Frequency responses also differ for the inverting and non-inverting inputs. Differential gain of the amplifier is R2/R1. For perfect gain symmetry and CMRR (assuming ideal CMRR in the op amp), the ratio R/R2 must equal R3/R4. Equation (13) shows the CMRR degradation introduced by resistor tolerances only in a basic differential amplifier circuit, assuming an ideal op amp with infinite CMRR. Equation (14) shows the combined effect of contributions from resistor tolerances and the op-amp CMRR. Asymmetry of input impedances is a drawback, because the signal-source impedance forms a divider with each input impedance for common-mode noise. If those dividers don't have exactly the same ratio, the input-to-output gain is different from each input, reducing the CMRR even further.
CMRRres = (1+R2/R1)/4K (13)
CMRRtot = (CMRRres * CMRRamp)/(CMRRres + CMRRamp), (14)
where components R1-R2 refer to Figure 4, and:
CMRRtot = CMRR error for the basic differential amplifier circuit
CMRRamp = Op amp CMRR from the data sheet
CMRRres = Error introduced by tolerance of the network resistors
K = Resistor tolerance (for 0.1% resistors, K = 0.001).
Instrumentation amplifiers (IAs) are used for precision signal processing. They feature precise and stable gain, low noise, high CMRR, differential inputs, high input impedance, and very stable dc characteristics (current and voltage offsets are stable with time, temperature coefficients are low, etc.). IAs are used as the input stages for instruments of all kinds, and as the interface for sensors and transducers. Poor CMRR in an instrumentation amplifier degrades the signal-to-noise ratio (SNR) of the system in which it resides, and with SNR also goes the quality of the processed signal.
An isolation amplifier is a special kind of IA in which no galvanic connection exists between the input and output. The common-mode range is usually much larger than for any other type of differential amplifier, and it accommodates much larger common-mode voltages. Because of their larger common-mode voltages, isolation amplifiers usually specify a higher CMRR than do other amplifiers.

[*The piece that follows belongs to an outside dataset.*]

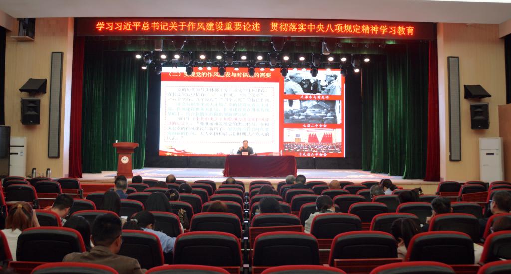4月11日,陕西艺术职业学院在文艺南路校区小剧场举行深入贯彻中央八项规定精神学习教育专题辅导报告会,邀请省委党校党的建设教研部教授、党的建设研究院常务副院长曹武军教授作专题辅导。

The consequence of poor CMRR in an isolation amplifier is the same as for IAs.
A current-sense amplifier has its inputs connected across a current-sense resistor that is in series with the high-side line of a power supply, and produces an output proportional to the current through that resistor, referred to the system common reference or ground. The potential on that line can vary with respect to the system common, depending on the time (battery discharge), load, and other influences, but the current reading must remain true. That capability depends on the amplifier's CMRR, because the line potential is the common-mode voltage for the inputs. A sensing amplifier with poor CMRR gives a function of the current being sensed plus or minus an error, which depends on the power-supply voltage.